GenericMappingTools / pygmt

A Python interface for the Generic Mapping Tools.
https://www.pygmt.org
BSD 3-Clause "New" or "Revised" License
749 stars 217 forks source link

Support PyArrow arrays and dataframes #2800

Open weiji14 opened 10 months ago

weiji14 commented 10 months ago

Description of the desired feature

Apache Arrow is an in-memory format that is starting to become a common exchange format between different libraries in Python and other programming languages. For example:

This issue is to track compatibility and support of different PyArrow data types in PyGMT:

Dtype Implementation PR Status Notes
Numerical (uint/int/float) #2774 :white_check_mark:
String #2933 :construction: May require modifying the put_strings method that currently uses np.char.encode
Date/Time #2845 :construction: May require modifying array_to_datetime that expects Python datetime or numpy-backed arrays, xref #242
Duration TODO :x: https://arrow.apache.org/docs/13.0/python/generated/pyarrow.duration.html, wait for #2884 also
Special case: geopandas.GeoDataFrame with PyArrow dtype columns TODO :x: See https://github.com/GenericMappingTools/pygmt/pull/2774#discussion_r1413006621
GeoArrow geometry TODO :x: https://github.com/geoarrow/geoarrow-python

Simplest way of integrating would be to just handle PyArrow-backed pandas.Dataframe objects as above.

Alternatively, we can also discuss about using PyArrow as the internal array representation (which would make pyarrow a hard dependency) since it may allow better interoperability across other Python libraries using Arrow, and this might be relevant for #1318 and #2731. My thought is to do this through the __dataframe__ protocol, see https://arrow.apache.org/docs/python/interchange_protocol.html

Further reading:

Are you willing to help implement and maintain this feature?

Yes, but help is welcome too!

seisman commented 9 months ago

Before supporting pyarrow-backed pandas objects like what you're doing in PR #2774 and #2845, maybe we should check/support passing pyarrow arrays directly to PyGMT? If all/most pyarrow dtypes work, then we can go on with pyarrow-backed pandas objects. Then if interested, we may support polars.

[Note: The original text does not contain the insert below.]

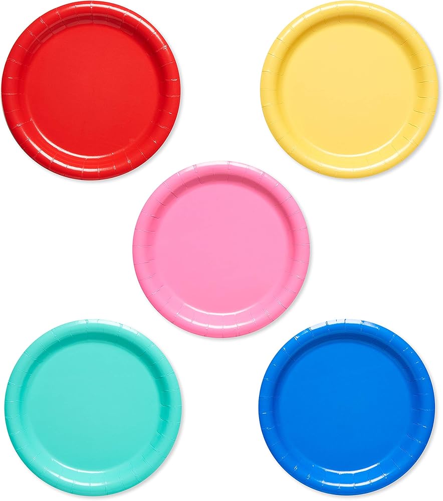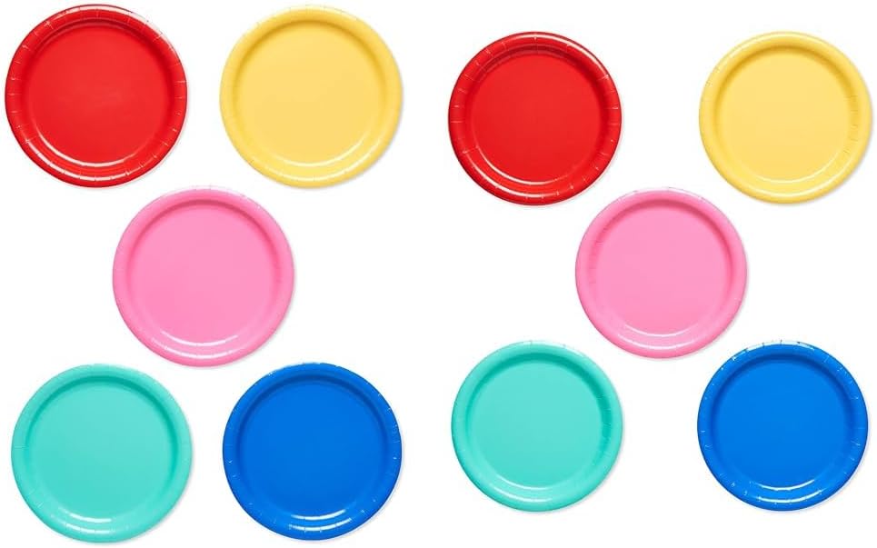 Throw a super colorful celebration or birthday party with solid-colored dessert plates! This colorific set of paper dessert plates/small lunch plates features a rainbow of solid colors in blue, teal, yellow, pink and red. A fun and stylish choice for all ages, plates feature a sturdy construction and beveled rim, making them perfect for serving cupcakes, ice cream and party snacks. A great value for large parties, the package includes a total of 50 plates. Great for a birthday party, graduation, congrats, holidays and general entertaining, this versatile mix of multicolored plates will have you covered. Go bold with one color or mix and match the hues for party décor that will make them want to celebrate!

weiji14 commented 9 months ago

maybe we should check/support passing pyarrow arrays directly to PyGMT? If all/most pyarrow dtypes work, then we can go on with pyarrow-backed pandas objects. Then if interested, we may support polars.

Sure, I'd love to have direct support for PyArrow arrays too. I started with pyarrow-backed pandas objects because pandas 3.0 will eventually use PyArrow for string columns by default, but no reason we can't support passing a pyarrow.array object directly into PyGMT.

weiji14 commented 9 months ago

check/support passing pyarrow arrays directly to PyGMT

Just opened a PR for this at #2864. Surprisingly, most PyGMT functions already work with pyarrow.array or pyarrow.table without any modification (I've tested blockm, info, nearneighbor, project, triangulate, xyz2grd so far), possibly because PyGMT can convert them internally to numpy.array (see e.g. https://arrow.apache.org/docs/python/numpy.html#arrow-to-numpy). Will need to test out more complicated dtypes and check for edge cases, but it's looking promising!